- Bordj Bou Arréridj Province shown within Algeria
- Location: 36°4′25.8″N 4°45′46.6″E﻿ / ﻿36.073833°N 4.762944°E Bordj Bou Arréridj, Algeria
- Date: Thursday, June 17, 2009 8 p.m.
- Deaths: at least 18
- Injured: currently unknown
- Perpetrators: Islamist rebels in Algeria

= 2009 Algerian military ambush =

Terrorist incident in Algeria

An ambush on the Algerian paramilitary took place on June 17, 2009, at 8:00 pm (19:00 GMT), when Algerian paramilitary escorting Chinese construction workers to a motorway project came under attack from Islamist rebels. Early reports suggested 18 soldiers were killed; some news outlets are reporting that 24 soldiers were killed.

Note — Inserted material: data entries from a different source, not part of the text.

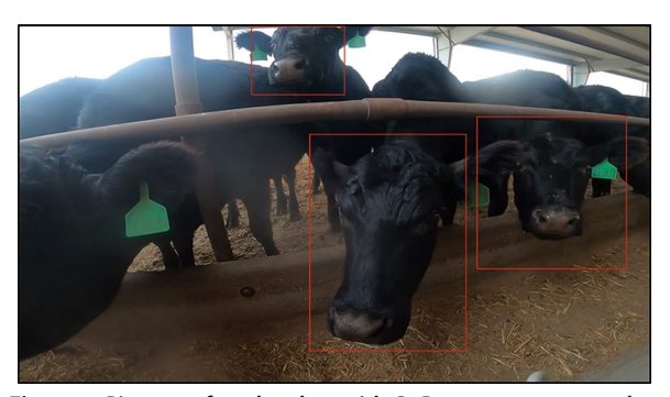
Figure 1 Pictures of cattle taken with GoPro camera mounted on feeder truck. The AI grabs individual images for analyses.

camera images with algorithms such as scale-invariant feature transform (SIFT) or maximally stable extremal regions (MSER), that can be used with machine learning, deep learning or convolutional neural networks for individual identification [15, 16]. The possibilities of muzzle dermatoglyphics with artificial intelligence applications in the early detection of diseases are only now beginning to be explored. In the case of IBK, early muzzle changes that proceed visible signs of disease have not been reported in the literature, but seemed possible prior to this study as the bovine cornea epithelium is densely but only superficially innervated [3], indicating that very early stages of IBK are likely painful to the animal, which in turn could affect the muzzle appearance. Early detection of animals about to break with IBK would be critically important for the development of interventions that prevent IBK outbreaks. Therefore, the goals of this study were to create a database of muzzle images of cattle with and without signs of IBK, to create a pipeline for image
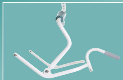
Pivot Frame - 2211038
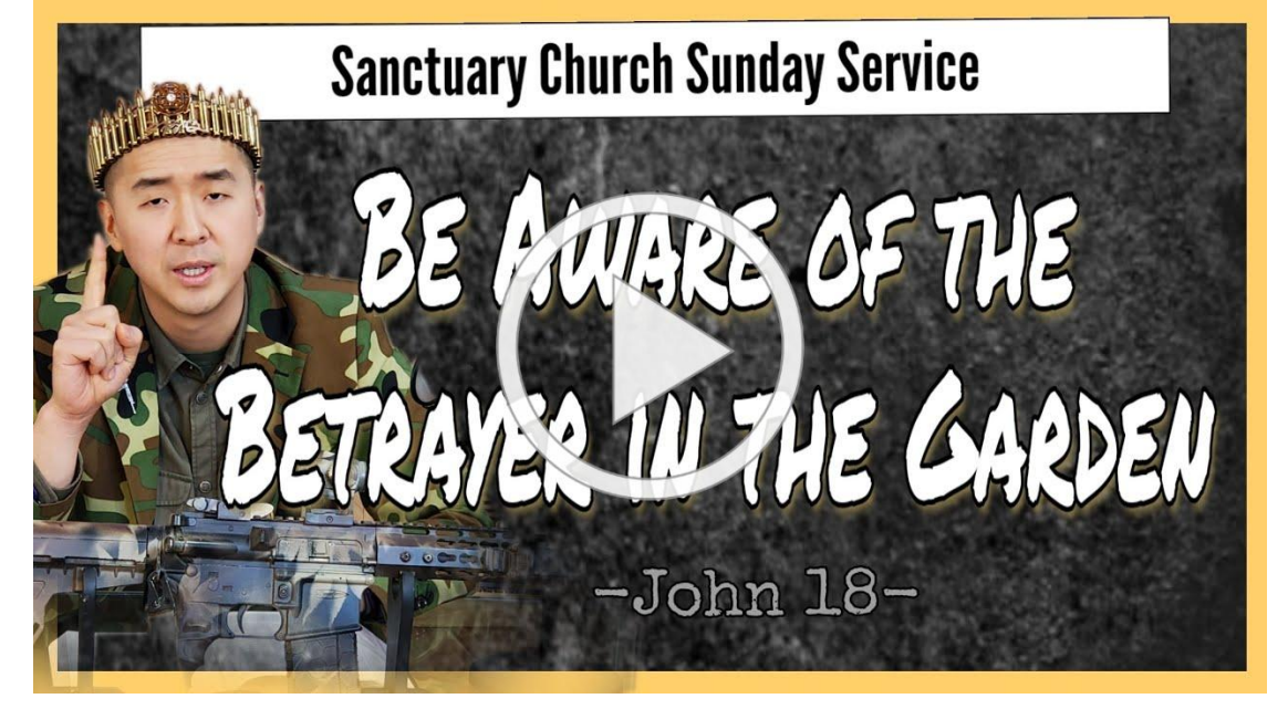
Sanctuary Church Sunday Service 3/1/20

Many religions teach to avoid all stress, but healthy stress is good for your immune system. One of his sons, who felt a sore threat coming on, jumped in the frozen Koi pond for one minute of ice training. He was hesitant, but once he was in, it wasn't so bad. Afterwards his whole body felt revitalized.
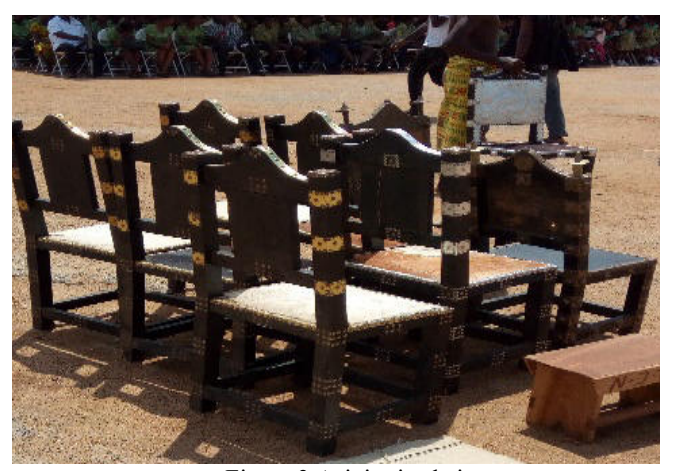
Figure.3 Asipimtia chairs
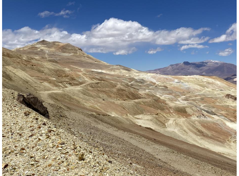
Exploration roads crossing the Dorado West deposit area
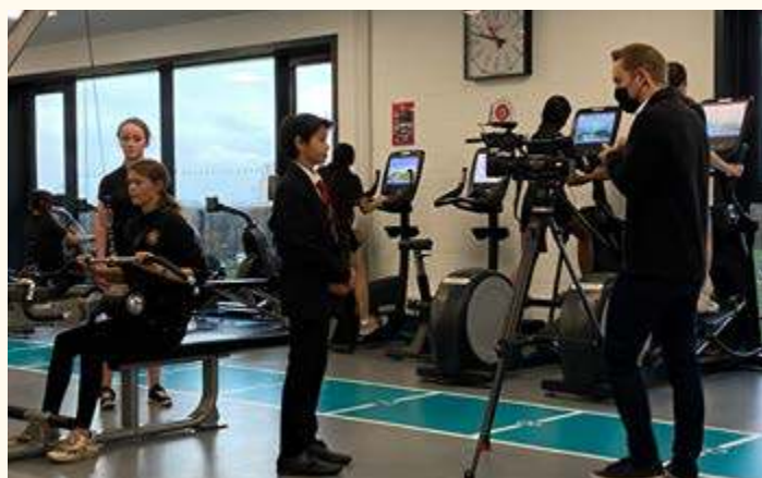
Students starred in a fantastic BBC South Today report from the Sports Campus
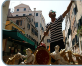
Gondola Ride On The Canals Of Venezia Venezia, VENETO, ITALIA

You might feel a little touristy, but this a gondola ride near sunset in Venice is truly an experience. You will feel like you were dropped directly into a movie.
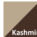
Figure 1a Kashmir /Funnel Cake HST
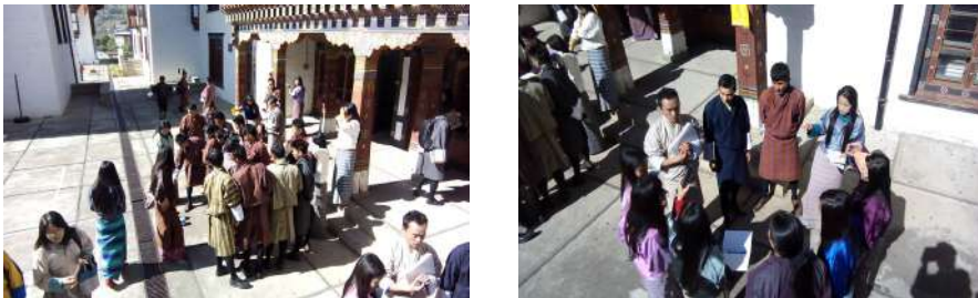
FIGURE 1. Jig-saw strategy as a means to create opportunities to maximise interaction.

Using student-centred approaches can help create opportunities to interact in the class (Rai, 2002; Rinchen, 2006; Robertson, n.d.; Sherab, 2013a). Robertson (n.d.) states that think-pair-shares and circle chats are very simple and effective strategies to make students participate in the class. To create more opportunities in the class, I lectured less in the class, exercised more activity-based lessons, and always prepared the lesson well.
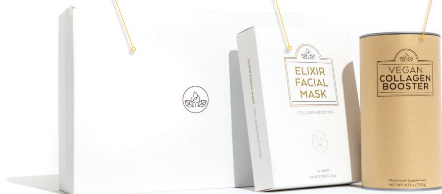
Vegan Collagen Booster
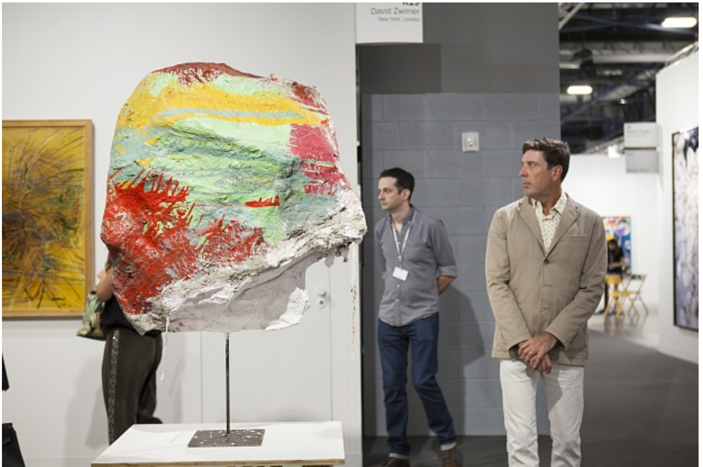
Franz West, Untitled (2010)

Attacks such as these had been thought to be decreasing prior to the incident, but suddenly began to increase again. The attack was the deadliest aimed at Algeria's government forces for six months.

== The ambush ==
Islamist rebels first attacked the convoy on a highway in the province of Bourdj Bou Arréridj, 180 km east of the capital Algiers by detonating two home-made bombs. The gendarmes were then sprayed with bullets. Attackers then reportedly stole the soldiers' uniforms and weapons. Total rebel casualties are unknown. The injured soldiers were taken to nearby hospitals. They stole weapons and several police vehicles.

Algerian security forces launched an operation using helicopters to track and apprehend the militants.

== Similar incident ==
This ambush followed a similar incident on 3 June 2009. Two teachers and eight police escorts died near Algiers whilst in the act of transporting examinations from an examination centre. The teachers' car was bombed and two police cars were fired on.

On 20 April 2014, a similar ambush lead to death of 14 Soldiers in the Tizi Ouzou province of Algeria.